Second, government accounting standards systematically underestimate fund liabilities, which in turn encourages pension deferrals. Eileen Norcross, my colleague at the Mercatus Center at George Mason University, argued in a December 2010 paper that the difference between government and private-sector accounting rules is at the root of the unfunded liability crisis.
For accounting purposes, private pension plans use the market value of their liabilities. This rule requires future liabilities to be discounted at an interest rate that matches the risks associated with the assets; the resulting value represents the amount a private insurance company would demand to issue annuities covering all the benefits owed by a given plan. By contrast, states calculate the value of pension liabilities based on the returns they expect from investing pension assets. And on average, the states assume an unrealistically high 8 percent annual return on pension investments while the actual rate should be closer to the yield of 15-year treasury bonds. Here is why that's so problematic.

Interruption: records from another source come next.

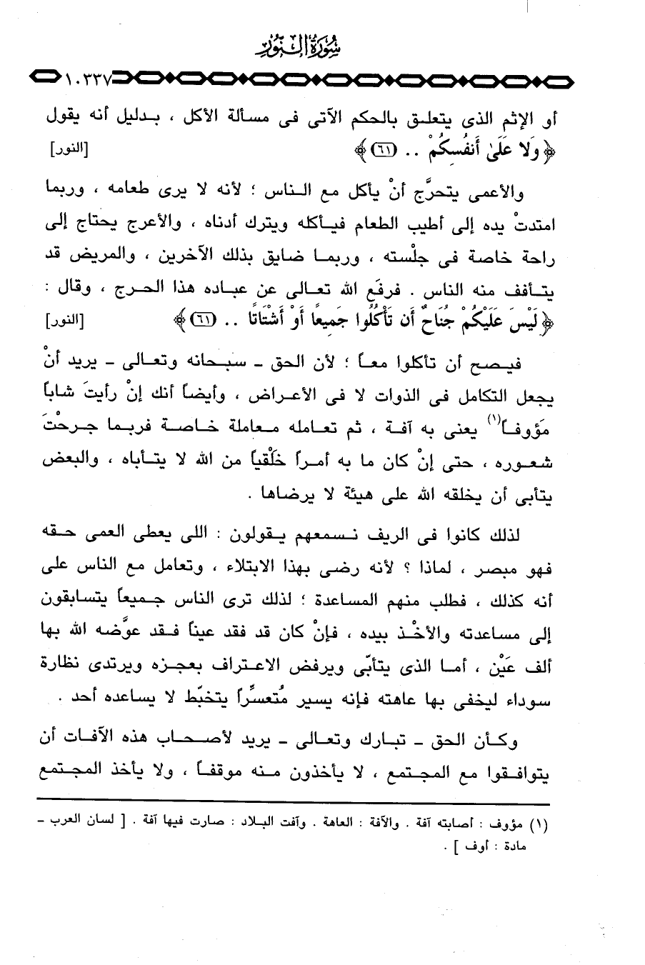 فيصح أن تأكلوا معاً؛ لأن الحق سبحانه وتعالى يريد أنْ يجعل التكامل في الذوات لا في الأعراض، وأيضاً أنك إنْ رأيتَ شاباً مَؤوفاً يعني به آفة، ثم تعامله معاملة خاصة فربما جرحْتَ شعوره، حتى إنْ كان ما به أمراً خَلْقياً من الله لا يتأباه، والبعض يتأبى أن يخلقه الله على هيئة لا يرضاها.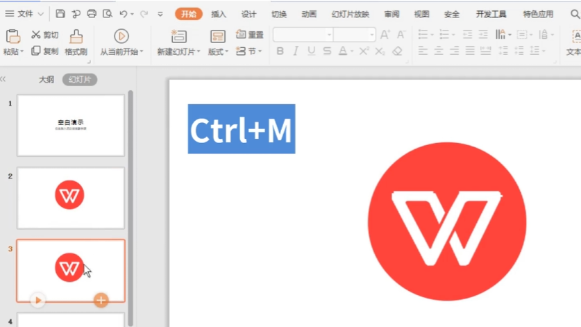 例如,当我们使用Ctrl+M新建幻灯片时,会出现一个空白幻灯片。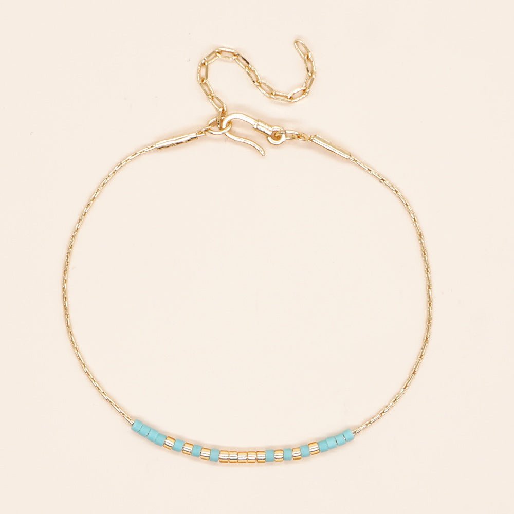 Delicate Gold double-strand bracelet made of a thin chain with a colorful beaded accent.

Pension funds need to assume a certain rate of return on their current assets in order to gauge whether or not the assets held today will be enough to pay future benefits. Obviously, the assumed interest rate or rate of return has a major impact on whether a pension plan is adequately funded. Most pension plans would rather play it conservatively and assume a lower rate of return, so that they ensure that the assets they have today will be enough to cover tomorrow's promised benefits. But the states would rather put less money up front today, so they're pinning all their hopes of being able to pay benefits tomorrow on an 8.5 percent annual growth rate. If that 8.5 percent growth rate doesn't come to fruition, either tomorrow's beneficiaries will see a cut in their benefits or taxpayers will be asked to pick up the tab. It would be much more prudent to assume an adequate risk-adjusted rate of return closer to the rate offered on 15-year Treasury bonds—3.5 percent, say—and fund their plan accordingly.

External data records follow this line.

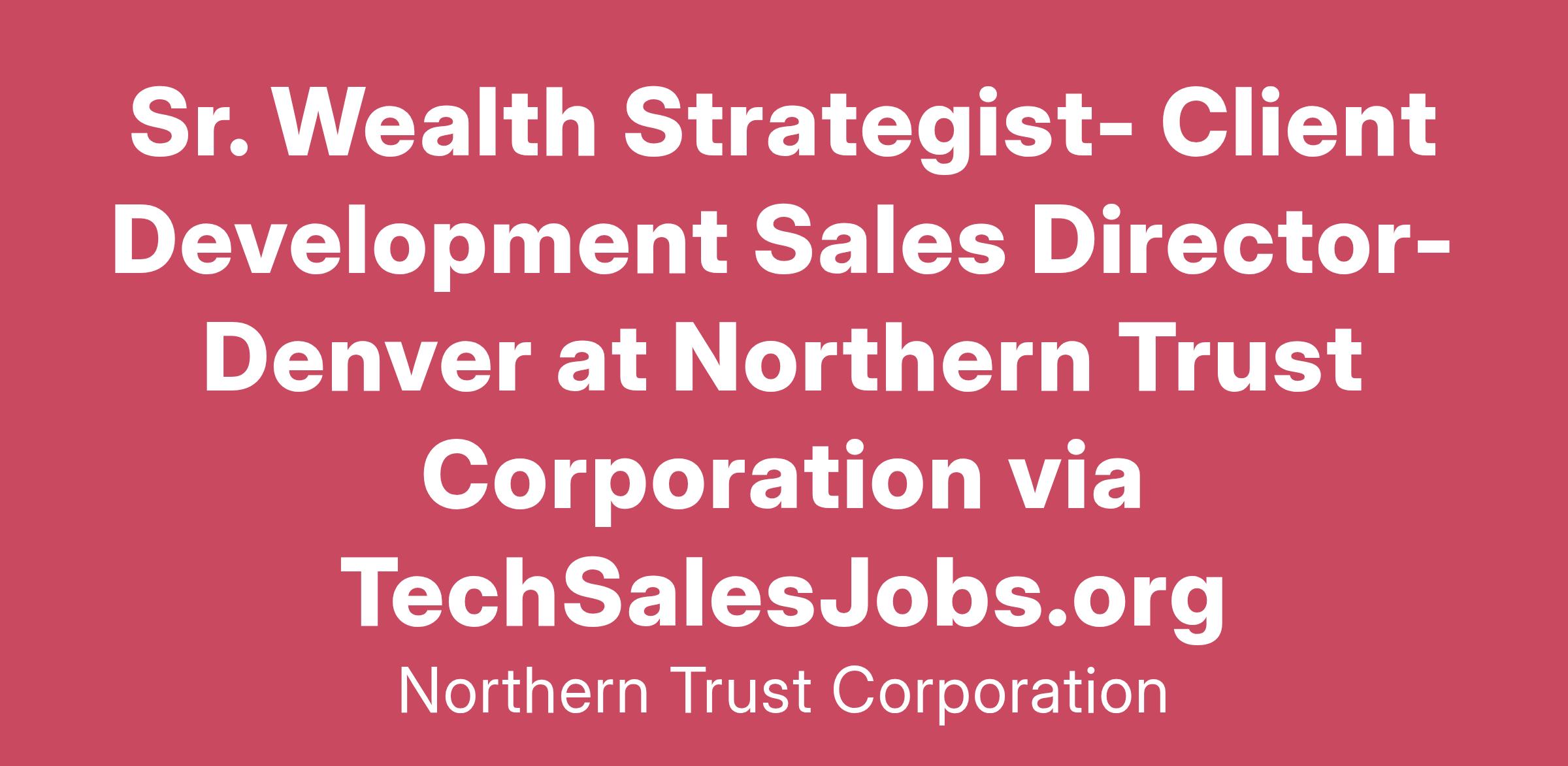 The Wealth Strategist / Client Development Sales Director is responsible for cultivating new relationships with individuals, families, non-profit institutions and other entities. As a member of the Wealth Strategist Northern Trust team, this individual will be responsible for new client development, solutions strategy and execution of the firm’s advice-driven approach. Leveraging our local team of specialists and national resources, the individual will identify prospective clients, present Northern Trust capabilities in conversations and meetings, and follow through to convert prospects to clients. The Wealth Strategist / Client Development Sales Director maintains ongoing contact with clients, promoting the enhancement and expansion of existing relationships. He or she will serve as a brand ambassador in the community, actively engaging as a leader for local civic and philanthropic organizations.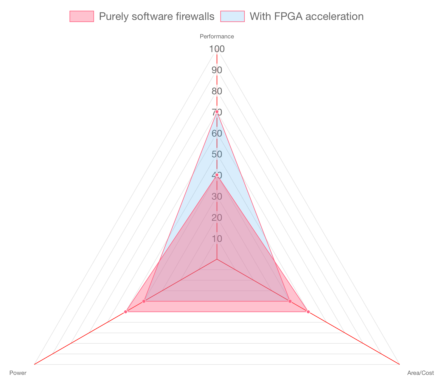 Performing these hash calculations and pattern matches on every single packet is expensive. Purely software firewalls running on general-purpose processors will not scale beyond a certain bandwidth, say 20Gbps. Instead, an alternative is to offload such frequent computations to a FPGA, which can perform the same computation in a fraction of the time than software would take.1
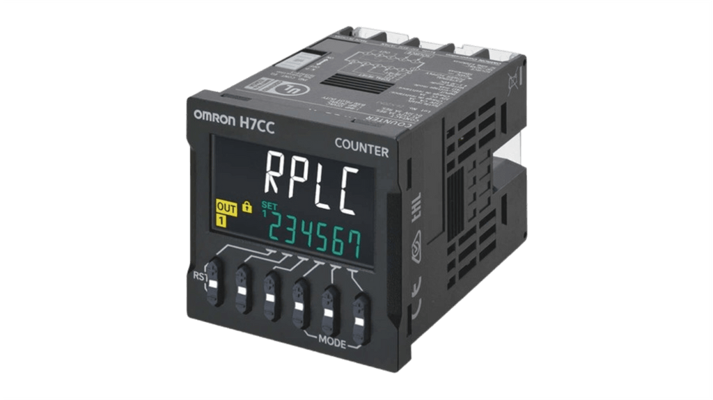 Contatore digitale Omron, tensione di alimentazione 12 a 48 V c.c. e 24 V c.a., display LCD 6 cifre, frequenza di conteggio massima 50 a 60Hz, grado di protezione IP66, funzione di prescaling, temperatura d'esercizio da -10 a 55 gradi Celsius, tipo di connessione a innesto. Codice costruttore H7CC-A11SD.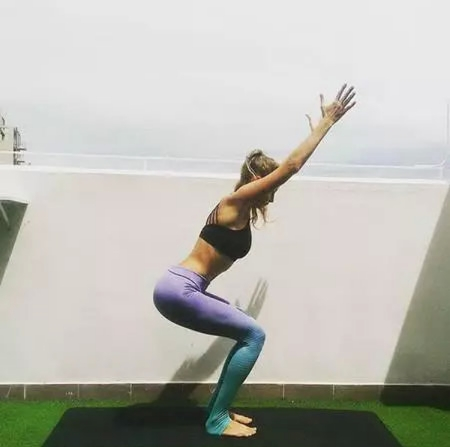做法:半蹲,背向前弯45度,收腹,双手笔直抬高,坚持1分钟,可以拉伸我们的臀部、胸部、脊柱和膝盖,降低身上多余的脂肪堆积,也能增强腰背部的力量。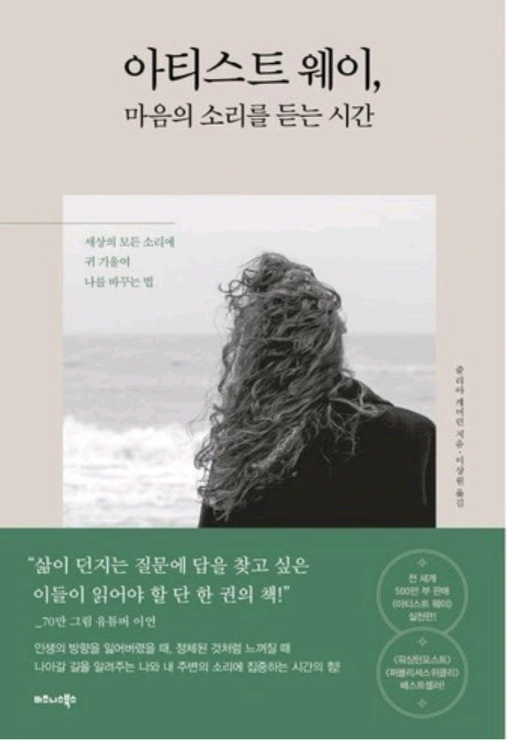 그녀 책과의 만남이 두 번째다. 인생을 나름 잘 살아온 노 작가의 현명함이 느껴진다. 작가이며 시인이고, 작곡가이며 뮤지컬 대본을 쓸 수 있는 다재다능한 사람이다. 더군다나 젊은 시절 그녀는 마치 연예인 같은 외모까지 겸비한 사람이었다. 현재 그녀는 70세를 넘어 서기 시작했고 뉴멕시코에서 자연 친화적인 집에 릴리라는 애완견과 많은 친구들과 교류하며 지혜롭게 살아가고 있다. 아티스적으로 살아낼 수 있는 인생에 대한 조언을 책으로 담아냈다. 우리 모두는 자신의 삶에서 주인공이고 아티스트이다. 아티스트가 되기 위한 그녀의 생각이 구체적이다. 세계적인 베스트셀러 '아티스 웨이'도 많은 사람의 삶을 개선시킬 수 있는 용기와 조언을 주었다. 첫 책을 보고 난 후 네이버에서 그녀가 독자들을 위한 작가 강연을 하는 장면을 보았었다. 오로시 성공적인 인생만 살아왔을 것 같았던 그녀 인생에서 남편 외도로 인한 이혼, 알코올 중독으로 생활이 무너졌었고, 이를 치료하고 극복하는 삶의 굴곡을 건너 이제는 진정한 자신의 모습으로 생을 누리는 완숙미 넘쳐나는 한 인간이 보인다.

An unrealistically high discount rate also means that states are highly discounting the likelihood of future payments. In other words, the states are essentially stating that there's a low probability that they'll have to pay their pensioners. That is silly.
State officials not only failed to set aside sufficient money to fund future benefits, but they also illogically assumed that the riskier the investment, the better funded the plan would be. Illinois, for example, borrowed $10 billion in 2003 and used the money to invest in its pension funds. After the recession sent its investment returns below its expected target in 2010, The New York Times reported in December, Illinois sold an additional $3.5 billion worth of pension bonds. This year alone the state is planning to borrow $3.7 billion more for to repay those pension bonds, with interest.
How big are the shortfalls? State officials estimated their plans' unfunded liabilities at $452 billion, with total liabilities of $2.8 trillion. But when economist Andrew Biggs of the American Enterprise Institute calculated the figure with the methods used by private-sector pensions, he found that total liabilities amount to over $5 trillion, with the unfunded liability at $3 trillion. (See Figure 1.)
Since much of government pension liabilities is off the books, most states and cities underestimate their actual debt. In Figure 2, Joshua D. Rauh, an associate professor of finance at Northwestern University, and Robert Novy-Marx, an assistant professor of finance at the University of Rochester, add Connecticut's unfunded liability to the state's debt. As you can see, the state's reported debt is roughly $23 billion. The estimated value of its unfunded pension liabilities is $48.4 billion. To that amount we should add another $28.2 billion in underestimated liabilities due to poor accounting standards.
While all states' pension plans are in bad shape, some are worse than others. Figure 3 shows the first 10 states scheduled to run out of cash.
Once the pension plans run out of money, the payments will have to come out of general funds, meaning taxpayers' pockets. If states want to avert that, they need to push through reforms as soon as possible. A first step would be to switch to accounting methods that show the true market value of their liabilities. Once these methods are in place, lawmakers could consider moving away from defined benefit pensions. Otherwise, taxpayers will discover too late that the Tooth Fairy of their dreams is actually the Wicked Witch of the West.